[Stored data entries]:
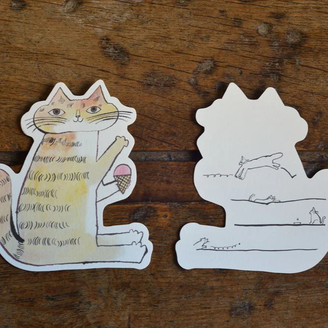 Meet Toraneko Bonbon, the delightful feline star of this charming notecard collaboration. Classiky and artist-chef Nakanishi Nachio have joined forces to create a whimsical cat cutout design that captures pure character. Soft watercolour washes in dreamy tones bring Nachio's signature playful style to life—expressive, endearing, and utterly irresistible. Perfect for jotting down quick notes or sending a smile to someone special, these notecards blend artistic charm with everyday practicality.
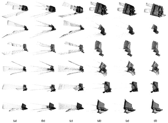 Left view of pointcloud. (a) Tthe original pointcloud. (b) The pointcloud of FMM. (c) The pointcloud of BBIM. (d) Ours (based on FMM). (e) Ours (based on BBIM). (f) Ground truth.
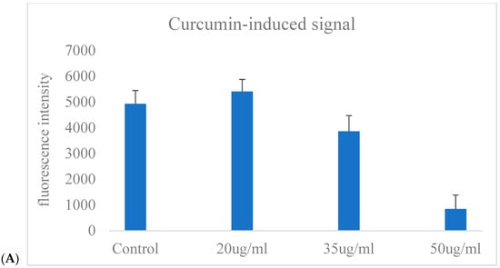 Figure 6A illustrates the GFP fluorescence intensity of CAFLUX HepG2/DREs-H2B-EGFP cells following exposure to varying concentrations of curcumin (Cur). The fluorescence signal remained relatively unchanged in the control and slightly increased at 20 µg/mL Cur. However, a concentration-dependent decrease in fluorescence was observed at higher doses, with a marked reduction at 35 µg/mL and a dramatic suppression at 50 µg/mL. This result indicates that higher concentrations of curcumin may inhibit the AhR signaling pathway, leading to downregulation of the GFP reporter gene controlled by the DRE promoter. Figure 6A reflects the GFP fluorescence response to Cur exposure, demonstrating that curcumin reduces GFP expression, which correlates with decreased CYP1A1 gene activity in HepG2 cells.
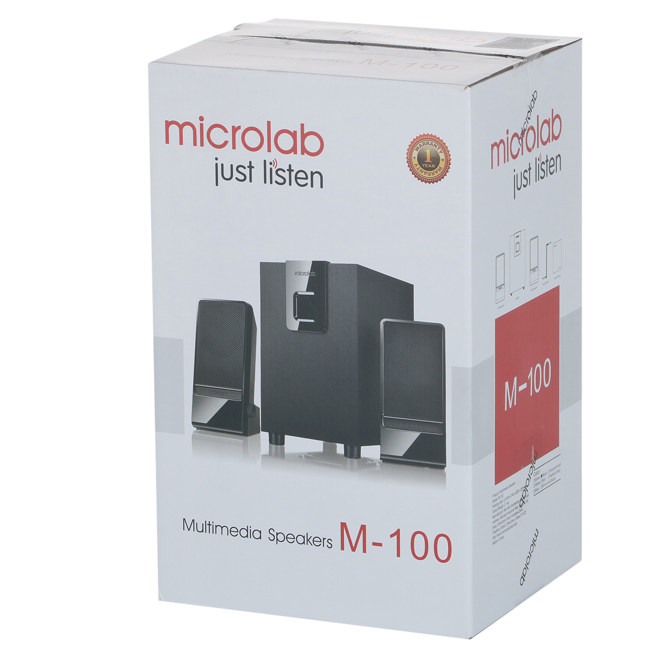 Компьютерные колонки 2.1 Microlab M-100 оборудованы корпусом из МДФ в черном цвете. Комплект включает в себя три колонки и сабвуфер мощностью 5 Вт. Колонки обладают мощностью 2,5 Вт каждая. Частотный диапазон воспроизведения звука составляет 35 Гц-18 кГц. Устройство соединяется с ПК при помощи интерфейса Jack 3,5 мм. Данная модель оснащена ручным управлением и функцией регулировки громкости. Прорезиненные ножки предохраняют поверхность стола от повреждений.
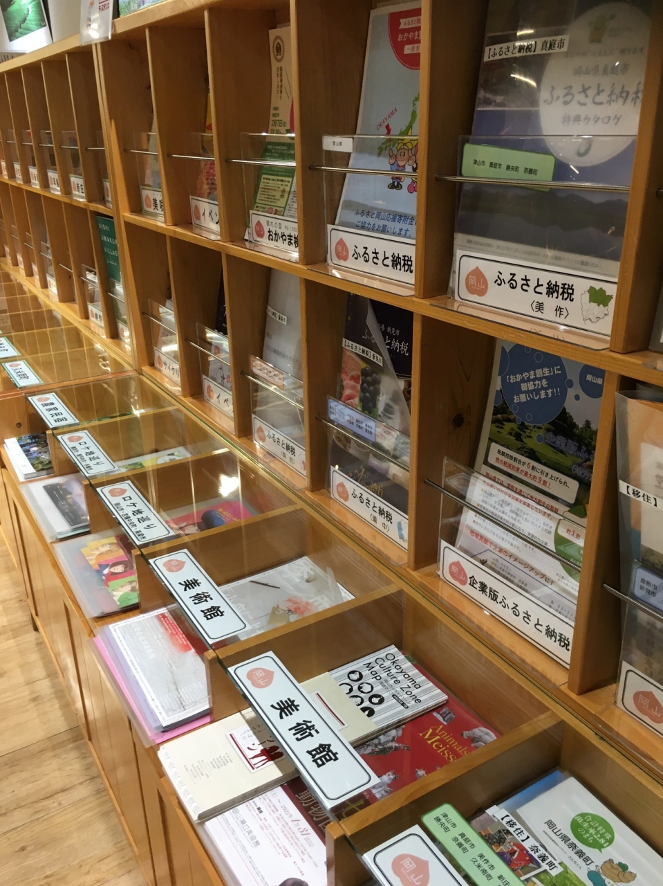 1.2階にあり2階に上がると食事処があり、その手前に観光パンフレットが置いてあり、岡山後楽園他、岡山市の地図を貰いました。その後1階に行き、物産コーナーを散策しました。地元ででしか販売していない珍しいものばかりで見るだけでも楽しい場所でした。
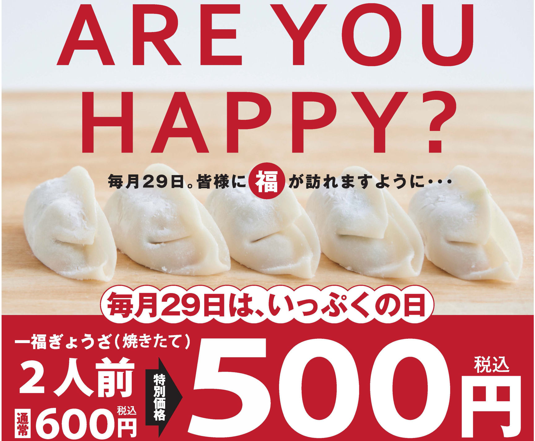 ~毎月29日に皆さんに福が訪れることを願い、暑さを吹き飛ばす焼きたてぎょうざ500円キャンペーン開催します~
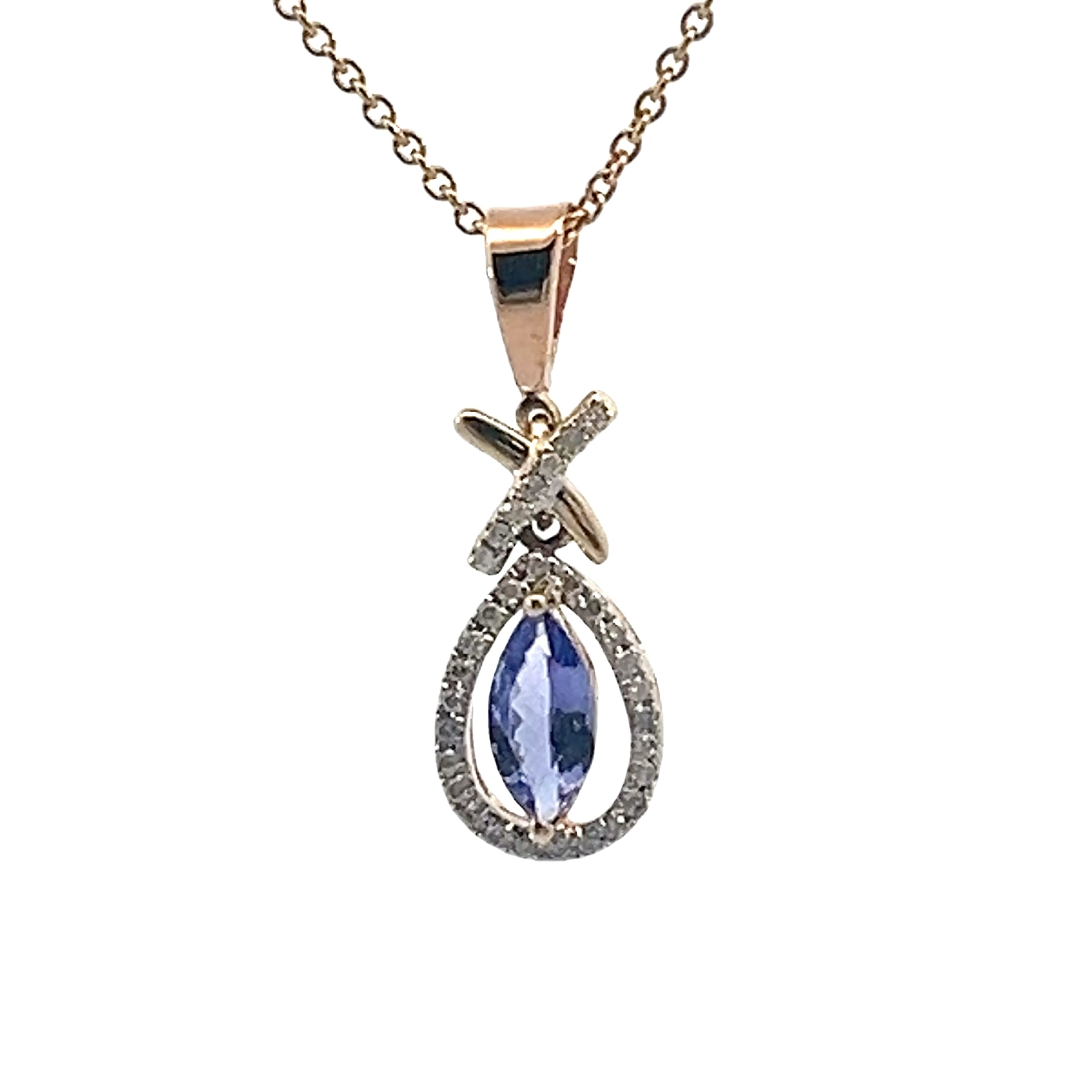 This stunning pendant features a captivating tanzanite gemstone, elegantly set in a delicate gold design. The intricate detailing and shimmering accents make it a perfect accessory for any occasion, adding a touch of sophistication to your outfit.
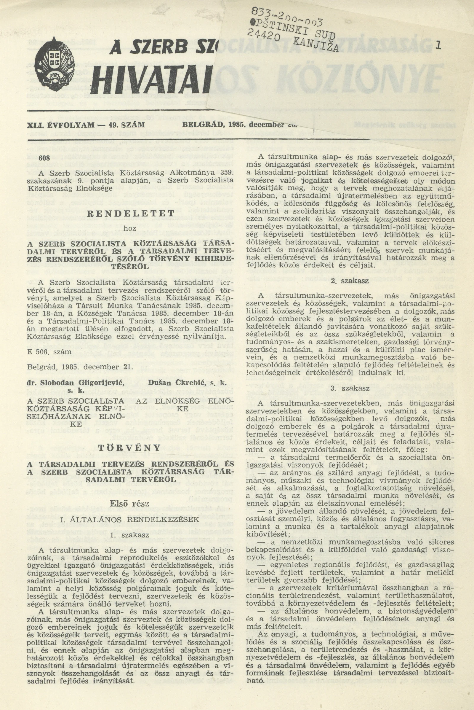 A Szerb Szocialista Köztársaság Hivatalos Közlönye, 41. évf. 1985. december 26. 49. sz.

[Exercise]: Output the entries above exactly, without their pictures.

[Exercise result]:
 Meet Toraneko Bonbon, the delightful feline star of this charming notecard collaboration. Classiky and artist-chef Nakanishi Nachio have joined forces to create a whimsical cat cutout design that captures pure character. Soft watercolour washes in dreamy tones bring Nachio's signature playful style to life—expressive, endearing, and utterly irresistible. Perfect for jotting down quick notes or sending a smile to someone special, these notecards blend artistic charm with everyday practicality.
 Left view of pointcloud. (a) Tthe original pointcloud. (b) The pointcloud of FMM. (c) The pointcloud of BBIM. (d) Ours (based on FMM). (e) Ours (based on BBIM). (f) Ground truth.
 Figure 6A illustrates the GFP fluorescence intensity of CAFLUX HepG2/DREs-H2B-EGFP cells following exposure to varying concentrations of curcumin (Cur). The fluorescence signal remained relatively unchanged in the control and slightly increased at 20 µg/mL Cur. However, a concentration-dependent decrease in fluorescence was observed at higher doses, with a marked reduction at 35 µg/mL and a dramatic suppression at 50 µg/mL. This result indicates that higher concentrations of curcumin may inhibit the AhR signaling pathway, leading to downregulation of the GFP reporter gene controlled by the DRE promoter. Figure 6A reflects the GFP fluorescence response to Cur exposure, demonstrating that curcumin reduces GFP expression, which correlates with decreased CYP1A1 gene activity in HepG2 cells.
 Компьютерные колонки 2.1 Microlab M-100 оборудованы корпусом из МДФ в черном цвете. Комплект включает в себя три колонки и сабвуфер мощностью 5 Вт. Колонки обладают мощностью 2,5 Вт каждая. Частотный диапазон воспроизведения звука составляет 35 Гц-18 кГц. Устройство соединяется с ПК при помощи интерфейса Jack 3,5 мм. Данная модель оснащена ручным управлением и функцией регулировки громкости. Прорезиненные ножки предохраняют поверхность стола от повреждений.
 1.2階にあり2階に上がると食事処があり、その手前に観光パンフレットが置いてあり、岡山後楽園他、岡山市の地図を貰いました。その後1階に行き、物産コーナーを散策しました。地元ででしか販売していない珍しいものばかりで見るだけでも楽しい場所でした。
 ~毎月29日に皆さんに福が訪れることを願い、暑さを吹き飛ばす焼きたてぎょうざ500円キャンペーン開催します~
 This stunning pendant features a captivating tanzanite gemstone, elegantly set in a delicate gold design. The intricate detailing and shimmering accents make it a perfect accessory for any occasion, adding a touch of sophistication to your outfit.
 A Szerb Szocialista Köztársaság Hivatalos Közlönye, 41. évf. 1985. december 26. 49. sz.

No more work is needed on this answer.